Kirby was astonished to see tears glistening in Magnus’s pale eyes.

“That’s precisely why he’s leaving,” Kirby said, and then both men were silent

Capodimonte moved toward them. “Everything’s ready,” he announced. “I’ve got the word from Lazarus that the pushers are in series.”

“What about our guidance people?” Kirby asked.

“They’ve been ready for an hour.”

Kirby looked toward the gleaming capsule. “Might as well get it over with, then.”

“Yes,” Capodimonte said. “Might as well.”

Lazarus, Kirby knew, was waiting for a signal from him. From now on, all signals would come from him, at least on Earth. But that thought no longer disturbed him. He had adjusted to the situation. He was in command.

Symbolic regalia cluttered the field—Harmonist ikons, a big cobalt reactor, the paraphernalia of both the cults that now were merging. Kirby gestured to an acolyte, and moderator rods were withdrawn. The reactor surged into life.

The Blue Fire danced high above the reactor, and its glow stained the hull of the capsule. Cold light, Cerenkov radiation, the Vorster symbol, sparkled on the plateau, and all through the watching multitude ran the sounds of devotion, the whispered litanies, the murmured recapitulatons of the stations of the spectrum. While the man who had devised those words sat hidden within the walls of that teardrop of steel in the center of the gathering.

The flare of the Blue Fire was the signal to the Venusians in their nearby dome. Now was their moment to gather their power and hurl the capsule outward, planting man’s hand on a new world in the stars.

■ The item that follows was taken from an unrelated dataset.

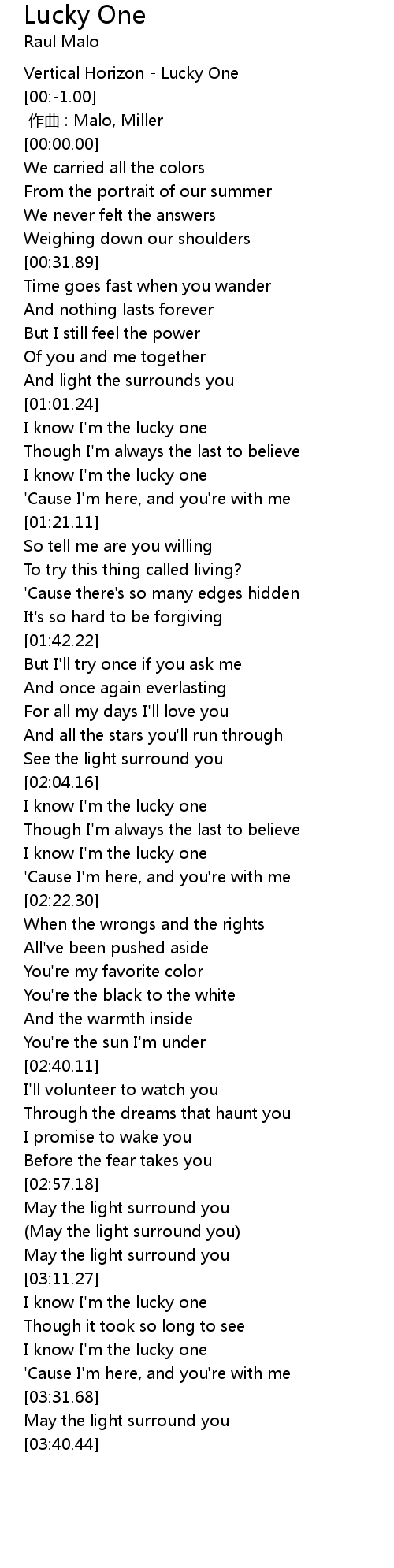 | [03:19.67] | I know I'm the lucky one |

“What are they waiting for?” Magnus asked querulously.

“Maybe it won’t happen,” said Capodimonte.

Kirby said nothing. And then it began to happen.

nine

Kirby had not quite known what to expect. In his fantasies of the scene he had pictured a dozen capering Venusians dancing around the capsule, holding hands, their foreheads bulging with the effort of lifting the vehicle and hurling it out of the world. But the Venusians were nowhere to be seen; they were off in their dome, several hundred yards away, and Kirby suspected that they were neither holding hands nor showing outward signs of strain.

In his reveries, too, he had imagined the capsule taking off the way a rocket would, rising a few feet from the ground, wobbling a bit, rising a little more, suddenly soaring up, crossing the sky on a potent trajectory, dwindling, vanishing from sight at last. But that was not the way it was really to be, either.